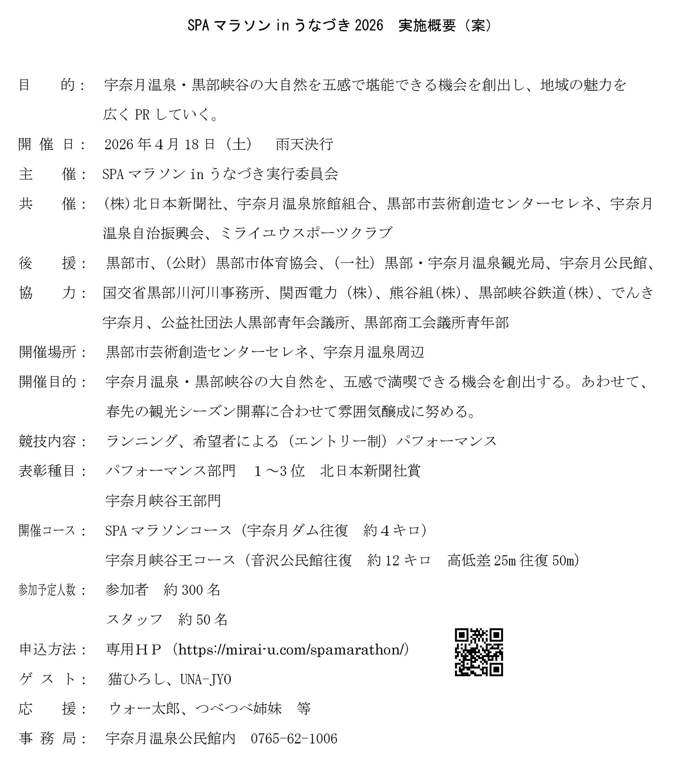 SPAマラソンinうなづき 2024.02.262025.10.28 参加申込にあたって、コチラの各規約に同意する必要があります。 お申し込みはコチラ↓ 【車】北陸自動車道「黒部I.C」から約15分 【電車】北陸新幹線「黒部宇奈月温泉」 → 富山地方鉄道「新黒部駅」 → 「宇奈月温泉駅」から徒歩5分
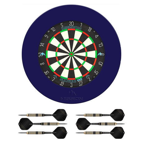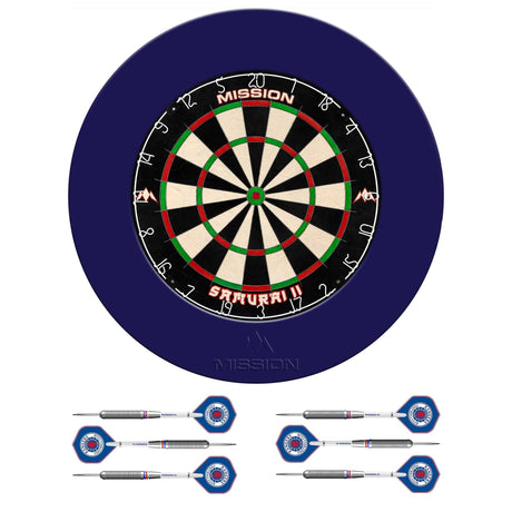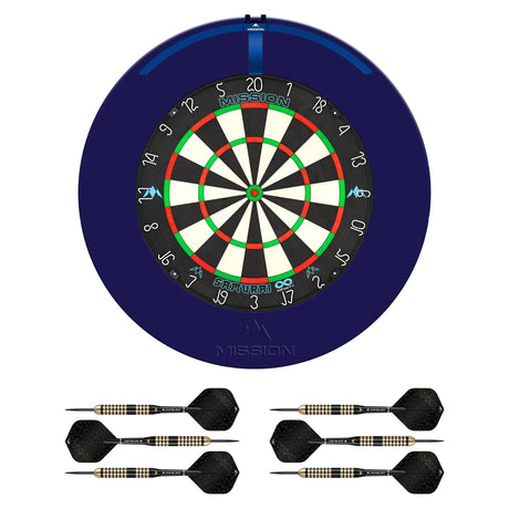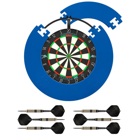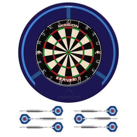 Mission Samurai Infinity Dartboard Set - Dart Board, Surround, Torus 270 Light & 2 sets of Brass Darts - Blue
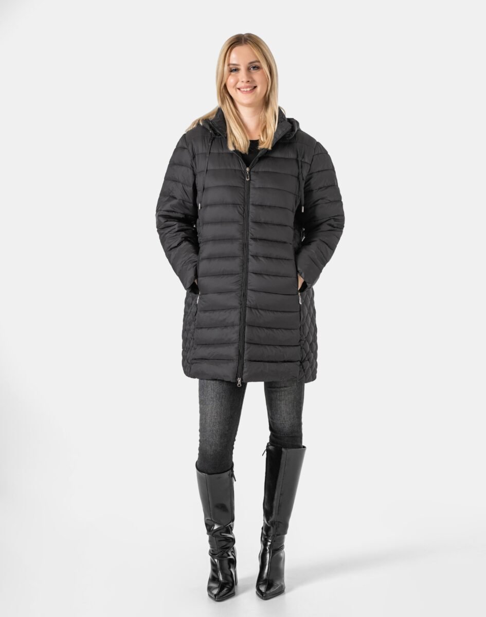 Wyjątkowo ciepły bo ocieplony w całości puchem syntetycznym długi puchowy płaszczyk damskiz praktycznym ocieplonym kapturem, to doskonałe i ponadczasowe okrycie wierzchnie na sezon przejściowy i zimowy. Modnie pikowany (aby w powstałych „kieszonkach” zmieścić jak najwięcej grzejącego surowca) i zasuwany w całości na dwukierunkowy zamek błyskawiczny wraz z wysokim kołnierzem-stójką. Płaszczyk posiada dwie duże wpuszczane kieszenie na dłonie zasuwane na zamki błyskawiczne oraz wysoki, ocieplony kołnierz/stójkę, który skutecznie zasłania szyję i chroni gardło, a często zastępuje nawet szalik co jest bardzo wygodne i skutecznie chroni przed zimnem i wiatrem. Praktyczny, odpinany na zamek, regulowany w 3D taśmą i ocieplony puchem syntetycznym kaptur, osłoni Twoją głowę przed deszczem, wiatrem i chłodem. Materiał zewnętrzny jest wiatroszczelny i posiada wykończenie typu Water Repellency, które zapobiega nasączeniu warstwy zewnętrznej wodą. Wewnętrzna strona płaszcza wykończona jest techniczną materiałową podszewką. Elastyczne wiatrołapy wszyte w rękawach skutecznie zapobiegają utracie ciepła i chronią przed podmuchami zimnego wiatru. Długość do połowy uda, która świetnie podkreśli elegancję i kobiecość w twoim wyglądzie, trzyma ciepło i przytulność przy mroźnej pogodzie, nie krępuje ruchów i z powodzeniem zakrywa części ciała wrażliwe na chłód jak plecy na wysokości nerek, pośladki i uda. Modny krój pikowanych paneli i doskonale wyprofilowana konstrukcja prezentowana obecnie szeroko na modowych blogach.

> [WHAT YOU ARE ASKED TO DO]: Please restate all of the listing above word for word, with no pictures.

> [RESPONSE TO THIS EXERCISE]:
 SPAマラソンinうなづき 2024.02.262025.10.28 参加申込にあたって、コチラの各規約に同意する必要があります。 お申し込みはコチラ↓ 【車】北陸自動車道「黒部I.C」から約15分 【電車】北陸新幹線「黒部宇奈月温泉」 → 富山地方鉄道「新黒部駅」 → 「宇奈月温泉駅」から徒歩5分
 Mission Samurai Infinity Dartboard Set - Dart Board, Surround, Torus 270 Light & 2 sets of Brass Darts - Blue
 Wyjątkowo ciepły bo ocieplony w całości puchem syntetycznym długi puchowy płaszczyk damskiz praktycznym ocieplonym kapturem, to doskonałe i ponadczasowe okrycie wierzchnie na sezon przejściowy i zimowy. Modnie pikowany (aby w powstałych „kieszonkach” zmieścić jak najwięcej grzejącego surowca) i zasuwany w całości na dwukierunkowy zamek błyskawiczny wraz z wysokim kołnierzem-stójką. Płaszczyk posiada dwie duże wpuszczane kieszenie na dłonie zasuwane na zamki błyskawiczne oraz wysoki, ocieplony kołnierz/stójkę, który skutecznie zasłania szyję i chroni gardło, a często zastępuje nawet szalik co jest bardzo wygodne i skutecznie chroni przed zimnem i wiatrem. Praktyczny, odpinany na zamek, regulowany w 3D taśmą i ocieplony puchem syntetycznym kaptur, osłoni Twoją głowę przed deszczem, wiatrem i chłodem. Materiał zewnętrzny jest wiatroszczelny i posiada wykończenie typu Water Repellency, które zapobiega nasączeniu warstwy zewnętrznej wodą. Wewnętrzna strona płaszcza wykończona jest techniczną materiałową podszewką. Elastyczne wiatrołapy wszyte w rękawach skutecznie zapobiegają utracie ciepła i chronią przed podmuchami zimnego wiatru. Długość do połowy uda, która świetnie podkreśli elegancję i kobiecość w twoim wyglądzie, trzyma ciepło i przytulność przy mroźnej pogodzie, nie krępuje ruchów i z powodzeniem zakrywa części ciała wrażliwe na chłód jak plecy na wysokości nerek, pośladki i uda. Modny krój pikowanych paneli i doskonale wyprofilowana konstrukcja prezentowana obecnie szeroko na modowych blogach.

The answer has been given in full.